◆ Description of the task: Please restate each line of the material word for word and omit any pictures.

◆ Provided data:
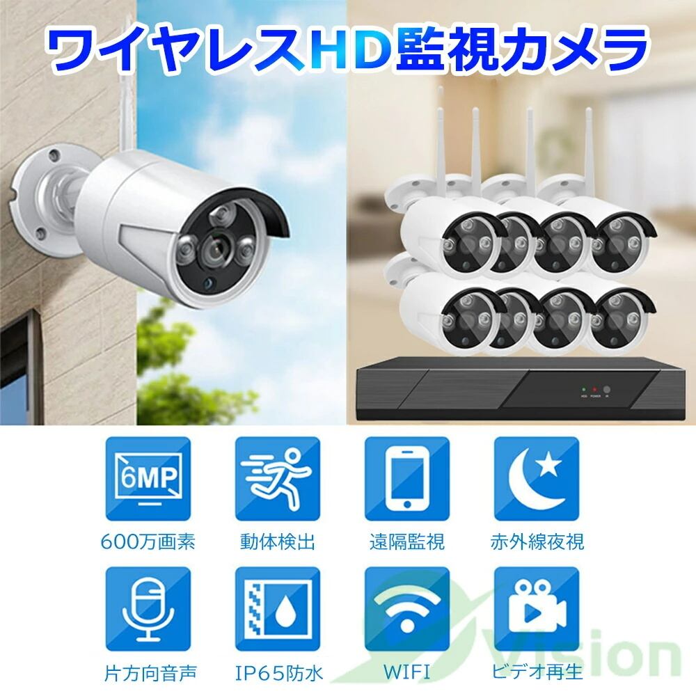 ワイヤレス接続・簡単操作】 ワイヤレスの防犯カメラですので、設置が簡単で配線工事が不要です。IPカメラとレコーダーの電源を入れるだけで自動にコードをマッチングしますので、ローカル監視する場合、インタネット接続なしに監視や再生が可能です。遠隔操作する場合はLANケーブルでNVRシステムとホームルータを接続する事が必要となります。
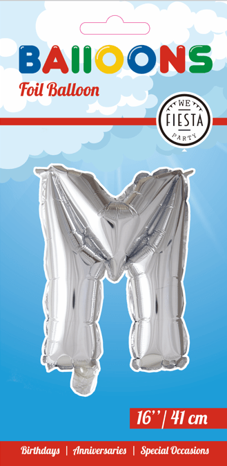Palloncino in foil Lettera M Argento 41cm con cannuccia
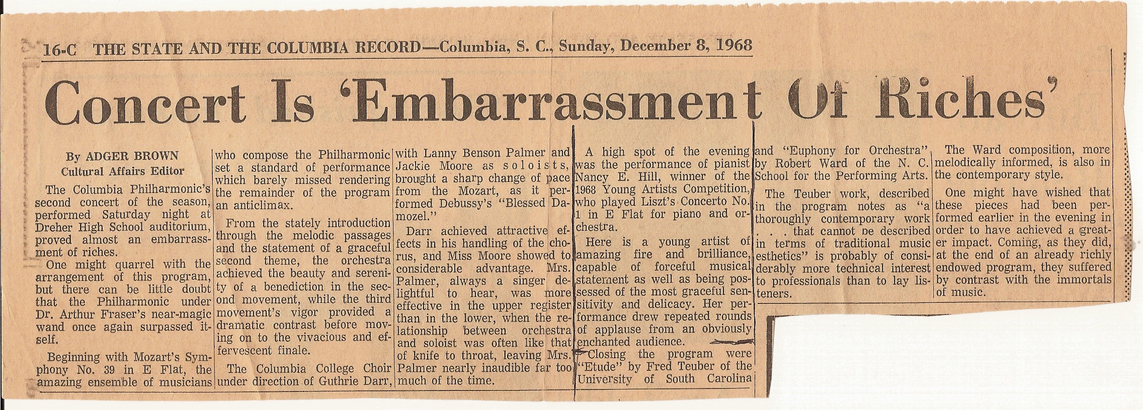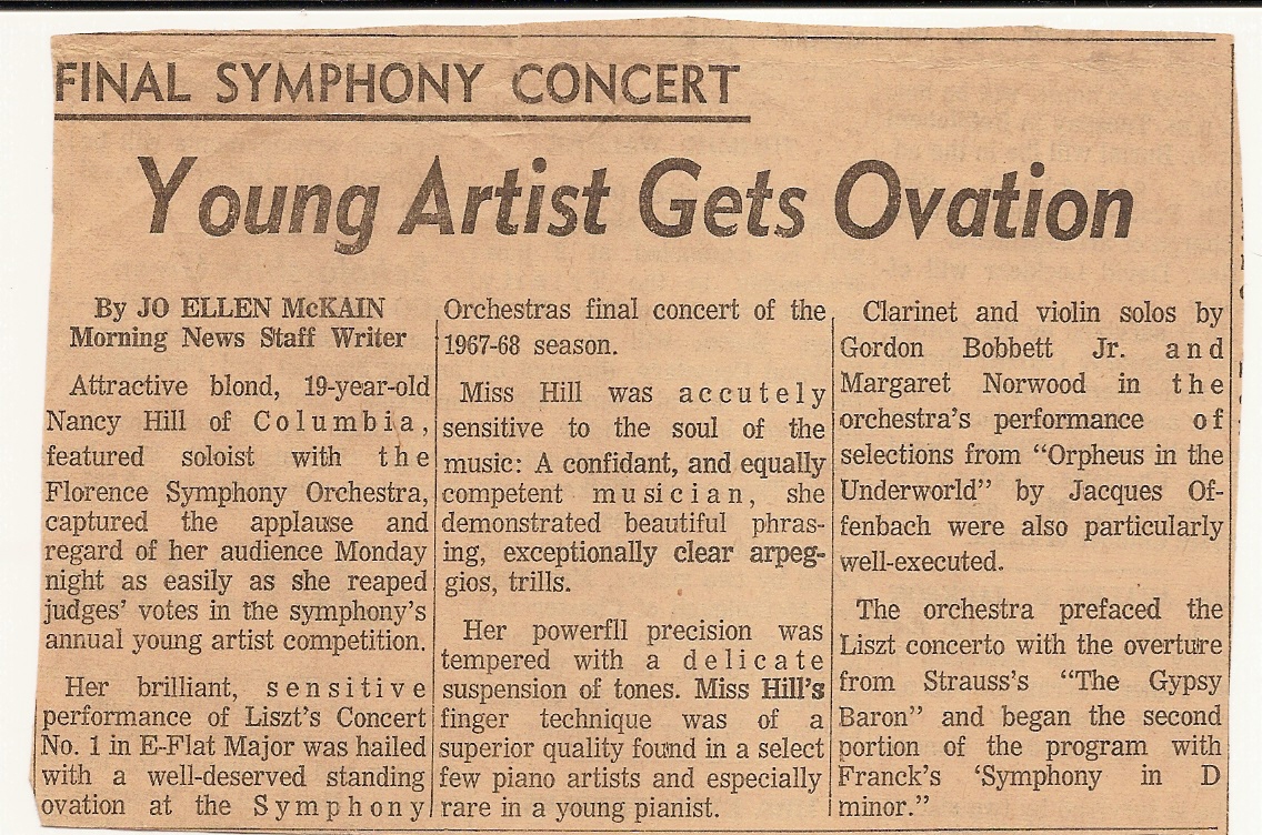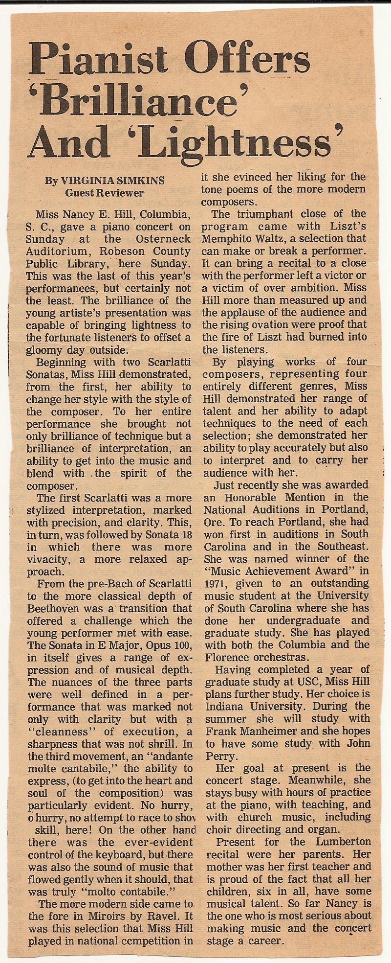 Nancy has enjoyed many successes in her career as a performer. Reviews include statements such as ""she captured the applause and regard of her audience....Her brilliant, sensitive performance of Liszt's Concerto #1 in Eb was hailed with a well deserved standing ovation...she was acutely sensitive to the soul of the music: a confident and equally competent musician, she demonstrated beautiful phrasing, exceptionally clear arpeggios, trills. Her powerful precision was tempered with a delicate suspension of tones...a finger technique of superior quality found in a select few pianists. " Florence Morning News, Florence, S.C.)

◆ Response for this exercise:
 ワイヤレス接続・簡単操作】 ワイヤレスの防犯カメラですので、設置が簡単で配線工事が不要です。IPカメラとレコーダーの電源を入れるだけで自動にコードをマッチングしますので、ローカル監視する場合、インタネット接続なしに監視や再生が可能です。遠隔操作する場合はLANケーブルでNVRシステムとホームルータを接続する事が必要となります。
Palloncino in foil Lettera M Argento 41cm con cannuccia
 Nancy has enjoyed many successes in her career as a performer. Reviews include statements such as ""she captured the applause and regard of her audience....Her brilliant, sensitive performance of Liszt's Concerto #1 in Eb was hailed with a well deserved standing ovation...she was acutely sensitive to the soul of the music: a confident and equally competent musician, she demonstrated beautiful phrasing, exceptionally clear arpeggios, trills. Her powerful precision was tempered with a delicate suspension of tones...a finger technique of superior quality found in a select few pianists. " Florence Morning News, Florence, S.C.)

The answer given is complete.